L’adesione è totalmente volontaria. Al momento della dimissione, l’ospedale consegna ai familiari una lettera informativa; se la proposta viene accettata, il percorso deve attivarsi entro 24 ore dalla conferma della presa in carico.
La forza della rete: 8 RSA coinvolte
Il bando di ATS ha visto l’adesione di otto RSA distribuite uniformemente tra le province di Como e Varese, con Villa Puricelli di Bodio Lomnago nel ruolo di capofila.
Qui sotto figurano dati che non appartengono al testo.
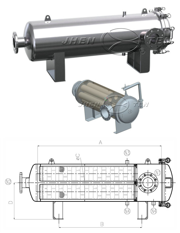JTGHF big flow liquid filter have two installation types like vertical and horizontal. 20', 40' filter filter usually adopt vertical structure, the flow of medium system more than 1000T/H. Choose horizontal structure and equipped with 60" filter cartridge, meet the large flow rate at the same time to reduce the the number of times of cartridge replacement. It is more convenient to replace filter.

Salvatore Gioia, Direttore Generale dell’Agenzia, ha sottolineato il valore della rete territoriale: “La forza di questo progetto è la risposta tempestiva alle esigenze emergenti. I primi tre pazienti sono già stati inseriti in questi giorni”.
Sulla stessa linea Luca Trama, direttore de “La Provvidenza” e presidente UNEBA Varese: “Abbiamo scritto un capitolo nuovo nella collaborazione tra sociosanitario e ospedali. Non lasciamo soli i pazienti in un momento tanto delicato”.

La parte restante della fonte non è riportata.